Storing the geometries in this manner has an advantage over using a polars binary field holding EWKB, because this allows spatial polars to work with custom projections which do not have a SRID, without a need to store custom SRID codes/CRS definition elsewhere.

Warning about CRS

All geometries in a single column are expected to have the same CRS. Currently there is nothing enforcing or validating all the geometries use the same CRS.

Mixed geometry types in a single series

Spatial polars allows you to intermix geometry types (eg. points and lines) in the same geometry column. Attempting to write a dataframe with a geometry column that has mixed geometry types may produce an error if the format is not capable of handling more than one geometry type.

Spatial Expressions

Many expressions are included which work with the geometry struct.

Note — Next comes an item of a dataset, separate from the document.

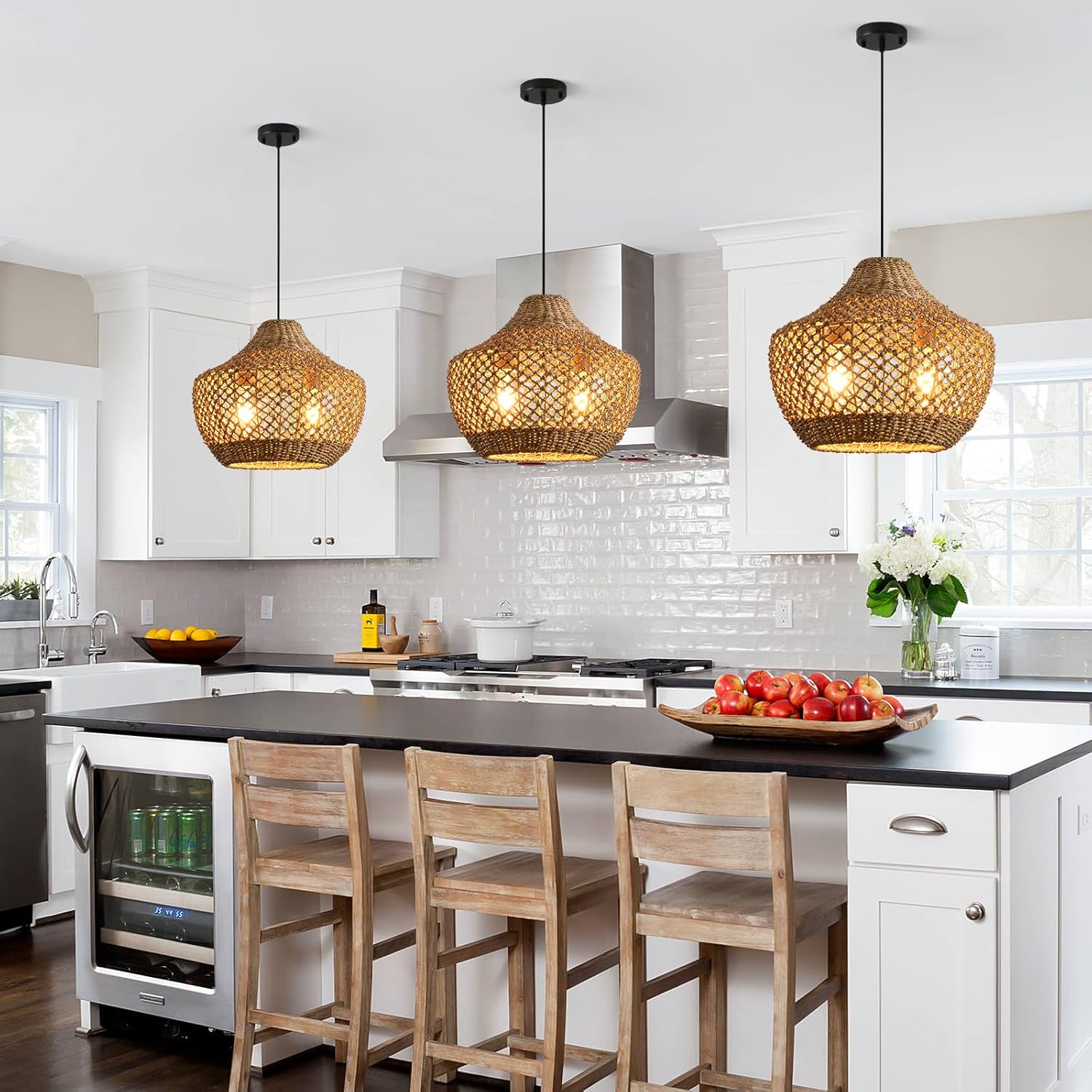 - Simple installation: This is a hand-woven rattan lamp; includes installation instructions and accessories required for installation; installation is very convenient; for safe and reliable installation; we recommend that you contact a professional electrician directly

The expressions all work in a similar manner

  1. Converts the polars series to a numpy array of WKB
  2. Converts the array of WKB to shapely geometry objects
  3. Uses shapely to do the spatial operation
  4. Depending on the result of the shapely function:
    • Result is an array of geometries: the result will be converted back to WKB and stored in a struct with the same CRS as the input.
    • Result is not an array of geometries: the result will be an appropriately typed polars series.

Spatial polars expressions can be accesssed in two ways:

Using the .spatial namespace
df.with_columns(
    pl.col("geometry").spatial.buffer(10) # (1)!
)
  1. This feels natural to polars users, and is totally usable, but typehints will not be avaliable in your IDE.

Or directly from the SpatialExpr class:

Using the SpatialExpr class
df.with_columns(
    SpatialExpr(pl.col("geometry")).buffer(10) # (1)!
)

  1. This feels less natural to polars users, but typehints will be avaliable in your IDE.

Spatial expressions which use more than geometry

Expressions in polars require a single column as the input. For computations involving two geometries, if the computation should be applied to the geometries in the column and a single other geometry, that geometry can be supplied to the expression as a scalar. See geometry column and scalar geometry input expressions for more details.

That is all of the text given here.